Environment and energy ministers from the G-20 economic bloc adopted a voluntary global framework for combating plastic pollution at a meeting in Japan June 16, ahead of the formal G-20 summit of leaders in late June.
This year's G-20 gatherings are hosted by the Japanese government, which had identified plastic in the ocean as a target for action. Tokyo said in agenda documents ahead of the meeting that it wanted to discuss ways to stop leakage into the ocean and look at how innovation can help that.

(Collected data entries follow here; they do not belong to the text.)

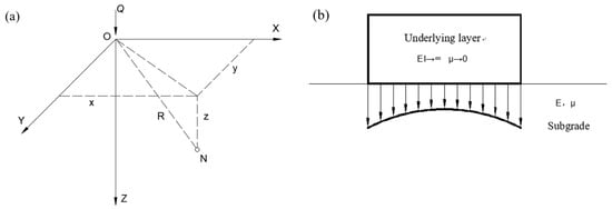 The above assumptions regard the subgrade as an elastic semi-infinite space body. When a vertical concentrated force Q acts on the surface of subgrade, the deflection of any point in the semi-infinite body can be obtained by Bussinick’s solution, as shown in Figure 3a. In the rectangular coordinate system, the vertical deformation of any point can be calculated as Equations (2) and (3) [17,29].
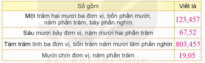 Muốn viết (hoặc đọc) số thập phân, trước hết viết (hoặc đọc) phần nguyên, viết (hoặc đọc) dấu phẩy, sau đó viết (hoặc đọc) phần thập phân.
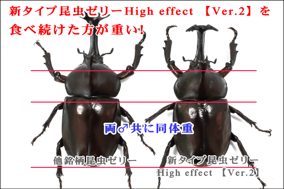 新タイプ昆虫ゼリーHigh effect 【 Ver.2】のみを食べた個体の方が重い!!
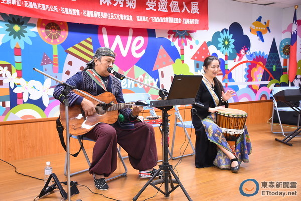 陳秀菊在開幕儀式裡當場揮毫創作以太魯閣原住民狩獵生活的畫作,現場並邀請「什麼樂團對ㄚ」樂團演唱原民曲風的歌曲。一連三首《我們都是一家人》《高山青》《阿美恰恰》將現場氣氛High到最高點,安可曲則由魏市長點選金曲歌手陳建年作曲作詞的《海洋》,透過曾獲邀美國關島為華人演唱的唯一原住民歌手王明道的渾厚嗓音所唱出,彷彿讓人有如徜徉在濤滔海聲的東海岸,也讓這場畫展更具特色。
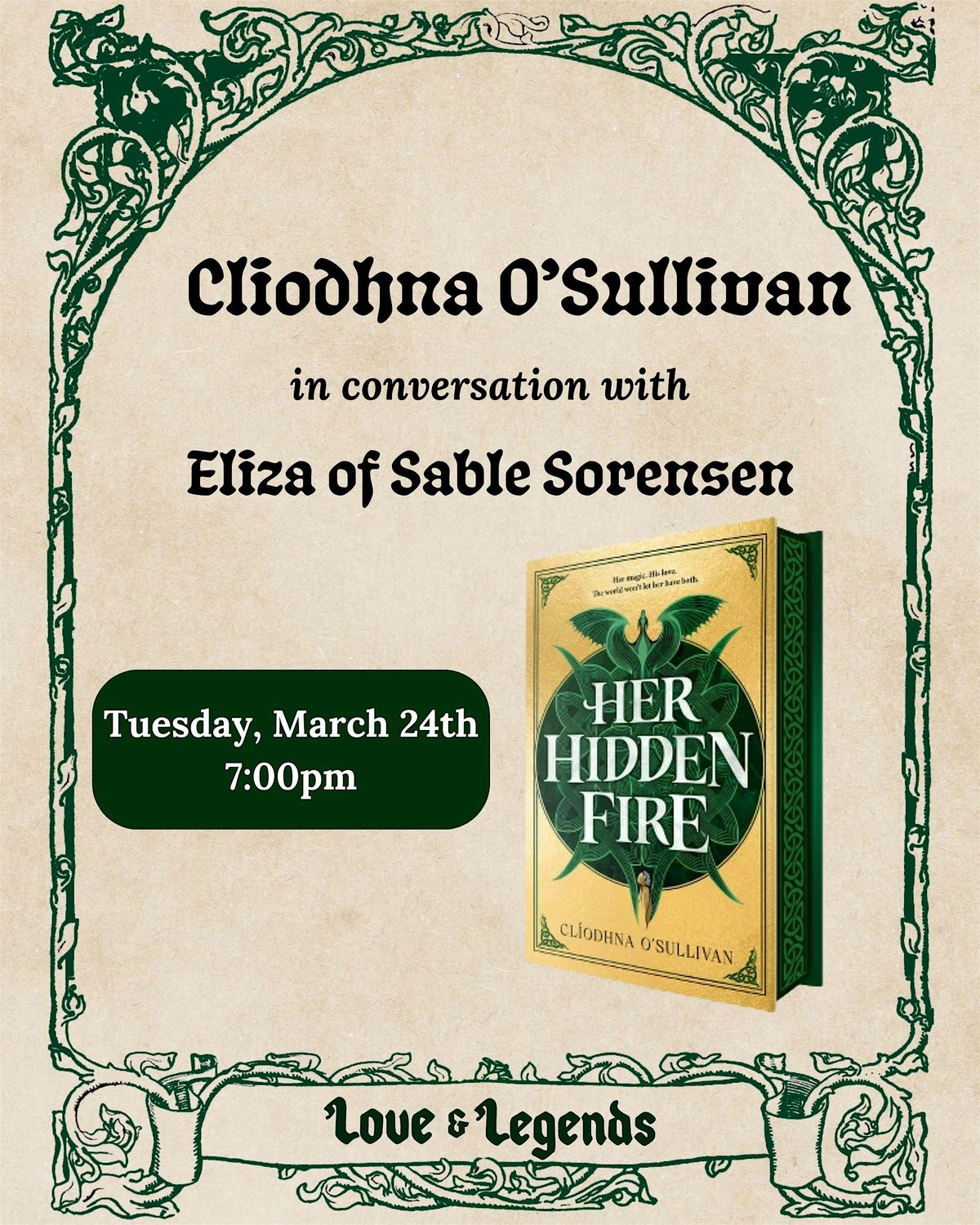 Join us for the release of HER HIDDEN FIRE, a brand new heart-pounding YA romantasy from Cliodhna O'Sullivan, who will be joined in conversation with Eliza of Sable Sorensen. Each ticket includes event access, as well as a signed copy of the book.
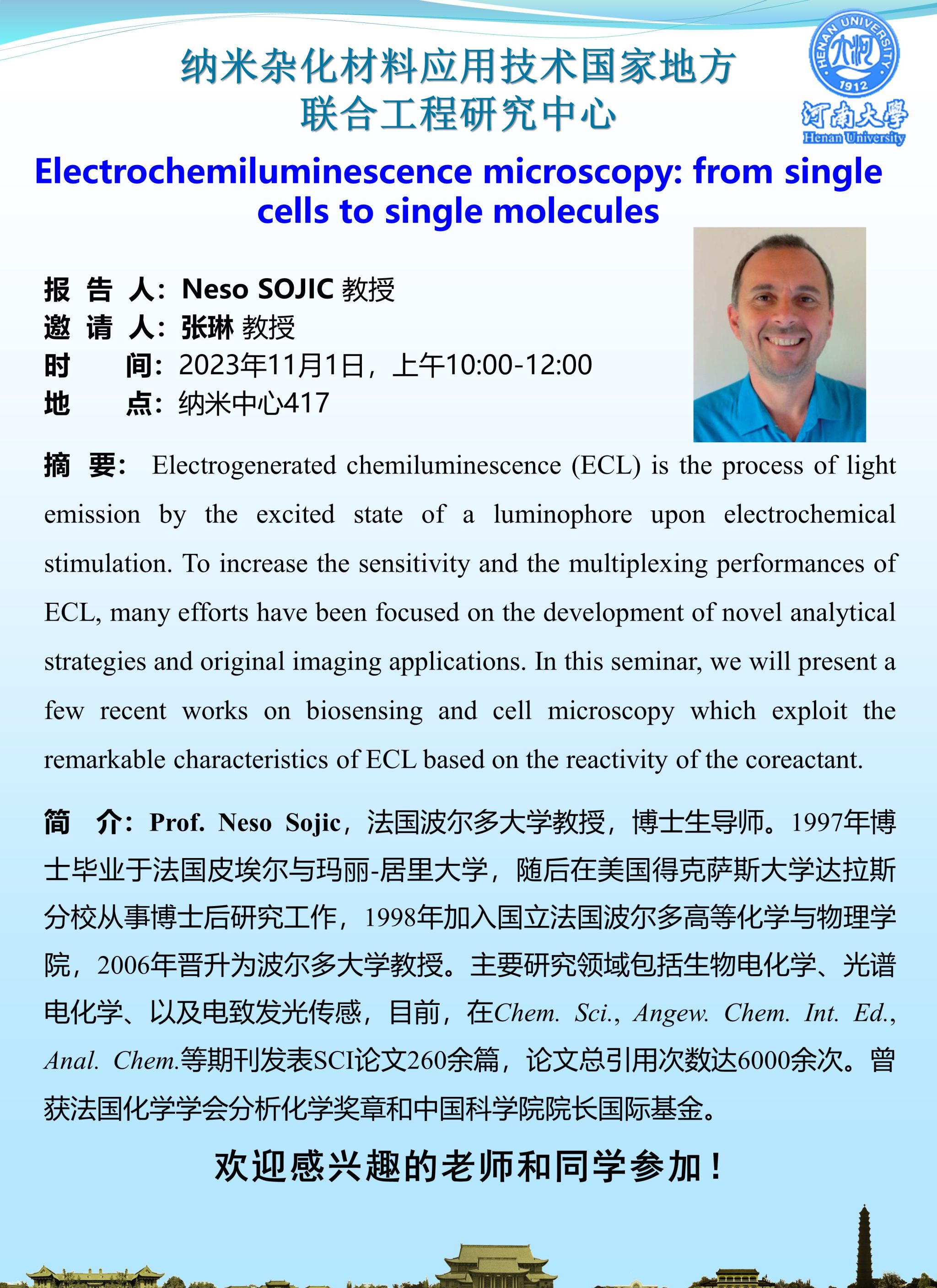 Neso SOJIC:Electrochemiluminescence microscopy: from single cells to single molecules(时间:11月1日)

According to news reports, the G-20 ministers issued a statement that "marine litter, especially marine plastic litter and microplastics, is a matter requiring urgent action given its adverse impacts on marine ecosystems, livelihoods and industries including fisheries, tourism and shipping, and potentially on human health."
Japanese Environment Minister Yoshiaki Harada reportedly called the G-20 framework a "major achievement," but the environmental group World Wide Fund for Nature criticized the agreement for failing to neither set concrete targets nor set up binding measures to enforce commitments countries will make.
"Despite discussions at G-20 demonstrating that plastic pollution is rightly being brought to the top of the international agenda, the outcome fails to reflect the severity of the issue," WWF said. "It's increasingly clear that solving this growing crisis requires a strong legal international treaty similar to the likes of the Montreal Protocol to combat depletion of the ozone layer."
U.S. Environmental Protection Agency Administrator Andrew Wheeler, who attended the meeting, said in a statement that the group had "very productive" talks on marine litter, waste management, water infrastructure and access to clean drinking water.
He reportedly told the summit that the U.S. government did not see a need for bans on single-use plastics.
In late May, Japanese Prime Minister Shinzo Abe, however, announced a strategy to cut disposable plastic waste by 25 percent by 2030, including having retailers charge for plastic bags. Abe's plan would also expand the use of bioplastics and completely recycle plastics from discarded appliances and car parts by 2035.
Similarly, Canadian Prime Minister Justin Trudeau on June 10 unveiled a plan to ban "harmful" single-use plastics.